Thursday, Dec 12, 2013
Fight to Keep Murray Center Open Gets New Help
CENTRALIA -- Parents of Murray residents have some new, powerful evidence in their lawsuit trying to keep the center open. An attorney says he's documented poor care that several people who used to live at the center are receiving at new community homes.
Attorney Stewart Freeman was appointed guardian for several Murray residents who are wards of the state. He made unannounced visits to several community homes called CILAs in Centralia and Mt. Vernon. The Murray Parents Association says what he saw is shocking.
It only took six visits to different CILAs to leave a bad impression on Freeman. In a scathing letter, criticizing the care of his wards, he wrote:
"Based upon what I have discovered to date, I do not have a high opinion of the CILAs and their ability to care for my medically fragile clients and clients with behavioral issues."
President of the Murray Parents Association Rita Winkeler says, "These people, most of them could not talk. They have no one to defend them. They do not have family, they are wards of the state."
Winkeler says she was shocked when Freeman described how one client was hospitalized from a seizure after not receiving proper medication for three days because of a shortage. Or when a staff member told him about a nutrition shortage for another client, who was given Ensure through a feeding tube instead. A staff worker also showed Freeman pay stubs documenting she worked 140 to 180 hours within two weeks.
"I think the whole thing just broke my heart, because I know some of those people they moved, they cannot defend themselves," she says. "And if we don't defend them, and the very people, DHS, who are supposed to be the people defending them, don't care."
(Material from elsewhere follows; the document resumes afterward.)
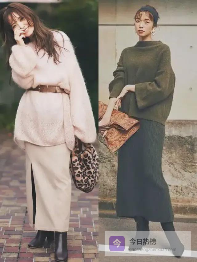 或是穿着一件微宽松的毛衣,搭配上灰色的直筒开叉半裙,脚上穿了一双黑色马丁靴,这样的搭配有一种慵懒随性的温柔气息。

The Department of Human Services says they are taking the allegations seriously, but don't believe this is the case with all of the community houses.
"IDHS executive staff members have visited these CILAs and have experienced first-hand how well the individuals are doing," explains Communications Director Januari Smith.
She says DHS has asked a third party, Equip for Equality, to investigate the situations and report back to the department.
Winkeler says the move is a joke, since that company supports closing Murray. But she believes this affidavit will help the federal lawsuit to keep Murray open.
"Oh, I think it's definitely a huge advantage for our case, because this is showing the judge that the federal rights of these people who are being moved from the Murray Center are definitely being violated."
The two sides were supposed to go to court on Tuesday for a long-awaited injunction hearing, but several last-minute filings from the state and the threat of a government shut down pushed back the hearing date until November.
Freeman did not want to go on camera for this story.